Data for analysis Start Marker

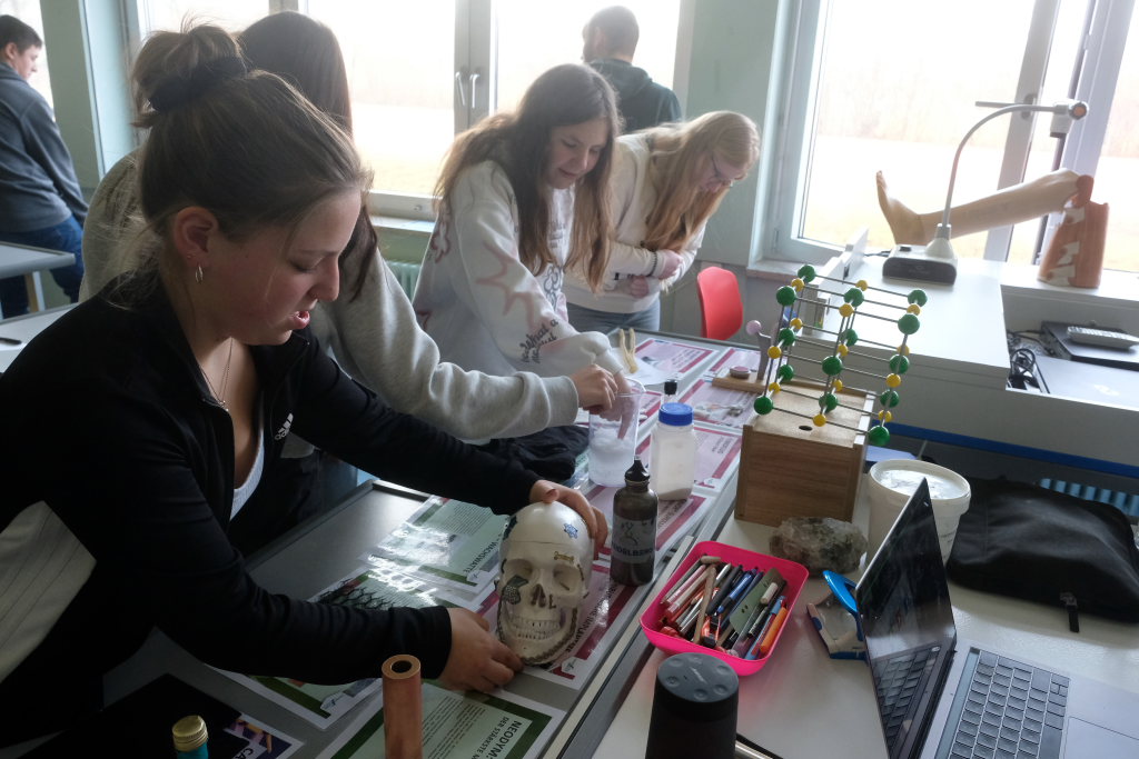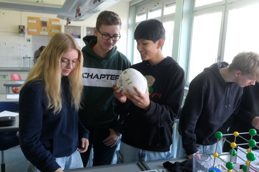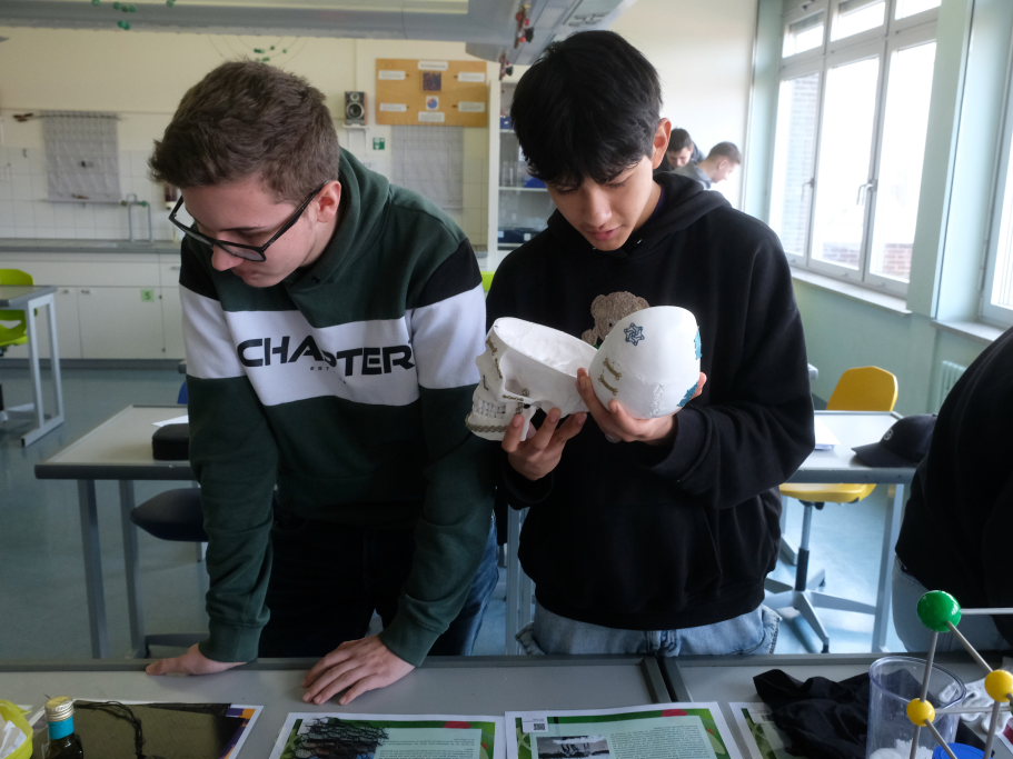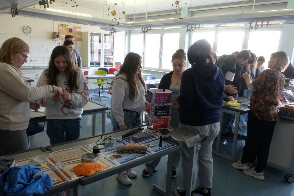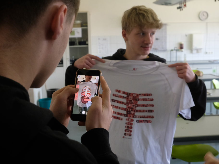 Am Schluss hatten die Schüler noch Gelegenheit, die mitgebrachten Exponaten genauer anzuschauen. Besondere Aufmerksamkeit genoss dabei das spezielle T-Shirt, das per Handy-Röntgenblick Einsichten in die Organwelt des Menschen bot.
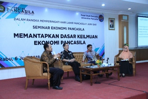 On June 6, 2018, the Institute for the Implementation of Pancasila Ideology held a Pancasila Economic Seminar with the theme "Strengthening the Scientific Basis of Pancasila Economics" with speakers Prof. Sudjito (UGM), Dr. Revrisond Baswir (UGM), Dr. P. Setia Lenggono (Head of the Pancasila Economic Study Center, Trilogi University), Dr. Hendra Nurtjahjo, SH., M.Hum (Head of PSP - UP) and Dr. Sri Widyastuti, SE., MM., M.Si (Dean of FEB - UP). This activity was held in the Hall on the 4th floor of the Faculty of Economics and Business Building, Pancasila University.
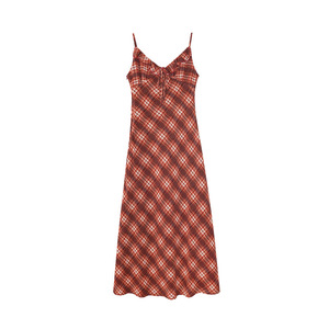 诠释美 NEWOPEN 25秋茶歇复古度假掐腰长裙格纹吊带连衣裙女F6228
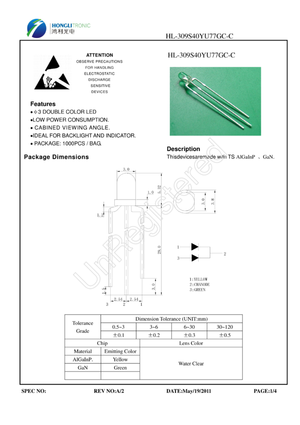 Dioda LED, 3mm, , żółty 590nm, 600mCd, zielony: 520nm, 4400 mCd; trójnóżkowa, wspólna katoda; water clear, 30 stopni, Honglitronic
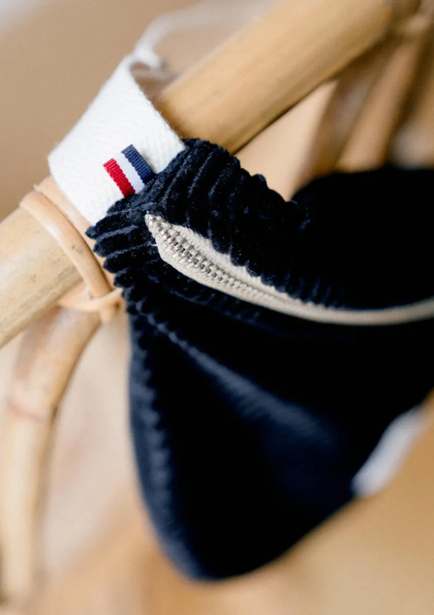 - Réalisée à partir de velours upcyclé (stock dormant revalorisé)
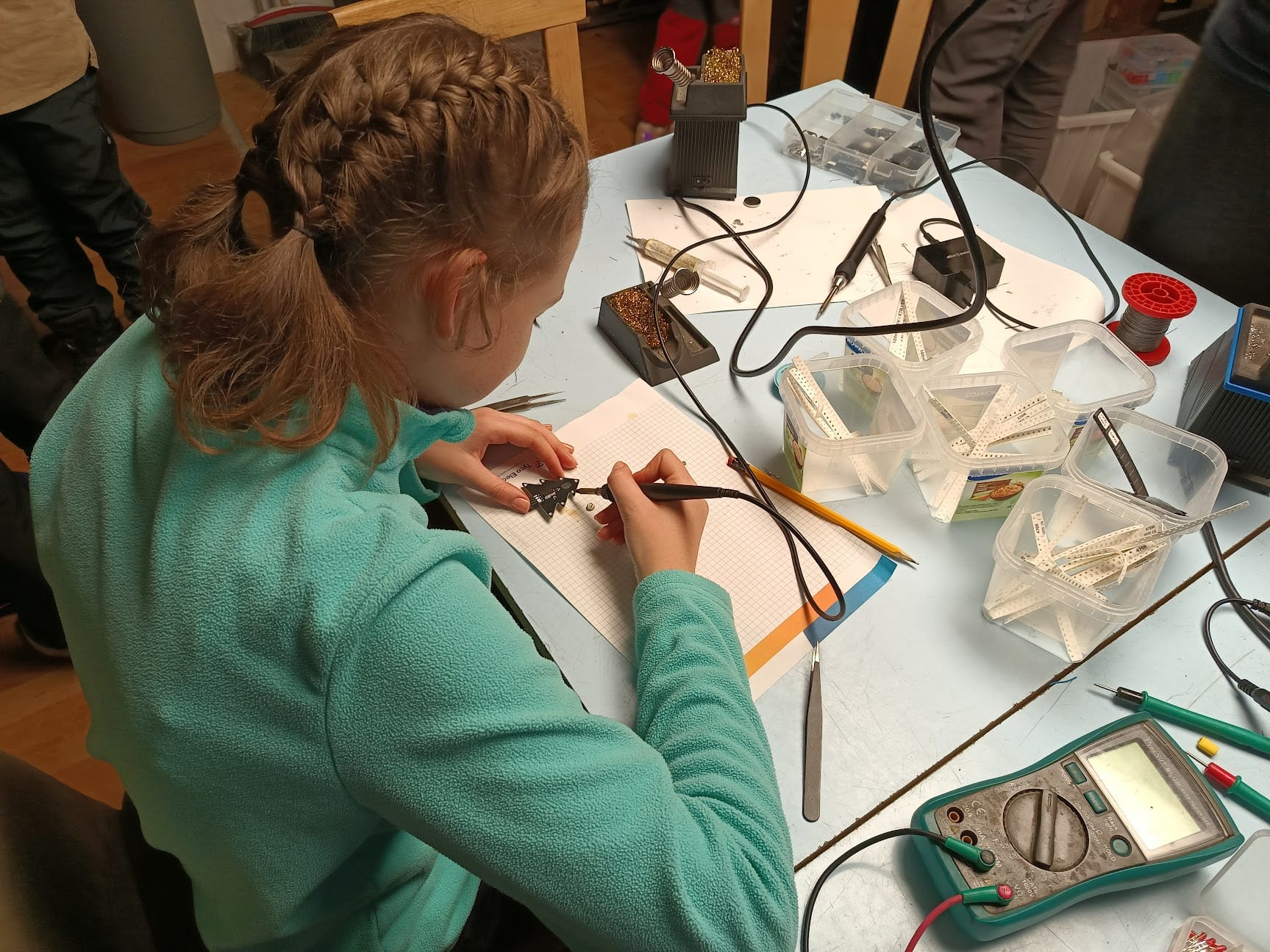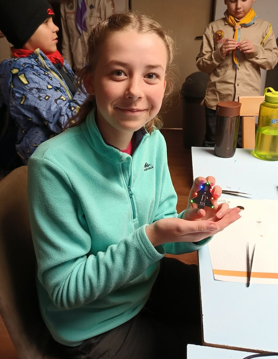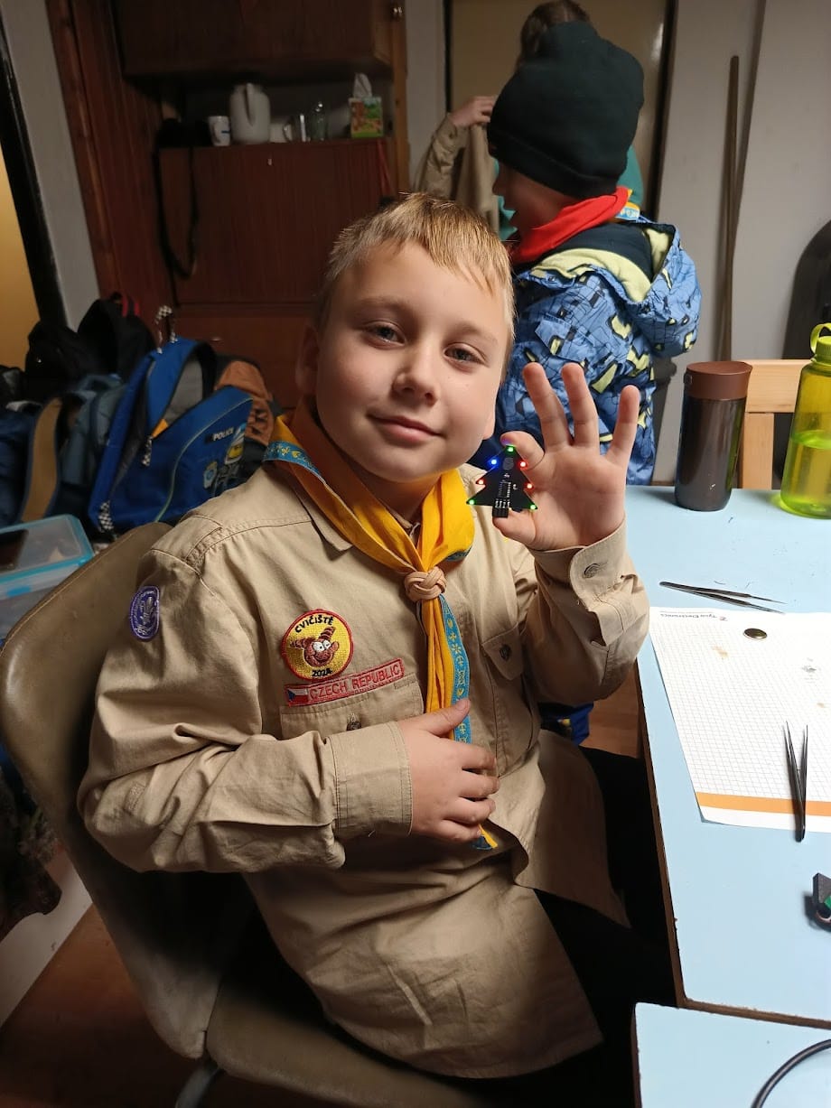 Zatímco se vedle pilně cvičila hláskovací tabulka a navazovala spojení se stanicemi a skauty po celém světě a venku probíhala stopovací hra s ručními radiostanicemi, vyráběly u nás děti nové programovatelné RISC-V vánoční stromečky.

Data for analysis End Marker

What the exercise asks => Please reproduce the entries from above exactly; images are not part of the copy.

Expected output =>
 Am Schluss hatten die Schüler noch Gelegenheit, die mitgebrachten Exponaten genauer anzuschauen. Besondere Aufmerksamkeit genoss dabei das spezielle T-Shirt, das per Handy-Röntgenblick Einsichten in die Organwelt des Menschen bot.
 On June 6, 2018, the Institute for the Implementation of Pancasila Ideology held a Pancasila Economic Seminar with the theme "Strengthening the Scientific Basis of Pancasila Economics" with speakers Prof. Sudjito (UGM), Dr. Revrisond Baswir (UGM), Dr. P. Setia Lenggono (Head of the Pancasila Economic Study Center, Trilogi University), Dr. Hendra Nurtjahjo, SH., M.Hum (Head of PSP - UP) and Dr. Sri Widyastuti, SE., MM., M.Si (Dean of FEB - UP). This activity was held in the Hall on the 4th floor of the Faculty of Economics and Business Building, Pancasila University.
 诠释美 NEWOPEN 25秋茶歇复古度假掐腰长裙格纹吊带连衣裙女F6228
 Dioda LED, 3mm, , żółty 590nm, 600mCd, zielony: 520nm, 4400 mCd; trójnóżkowa, wspólna katoda; water clear, 30 stopni, Honglitronic
 - Réalisée à partir de velours upcyclé (stock dormant revalorisé)
 Zatímco se vedle pilně cvičila hláskovací tabulka a navazovala spojení se stanicemi a skauty po celém světě a venku probíhala stopovací hra s ručními radiostanicemi, vyráběly u nás děti nové programovatelné RISC-V vánoční stromečky.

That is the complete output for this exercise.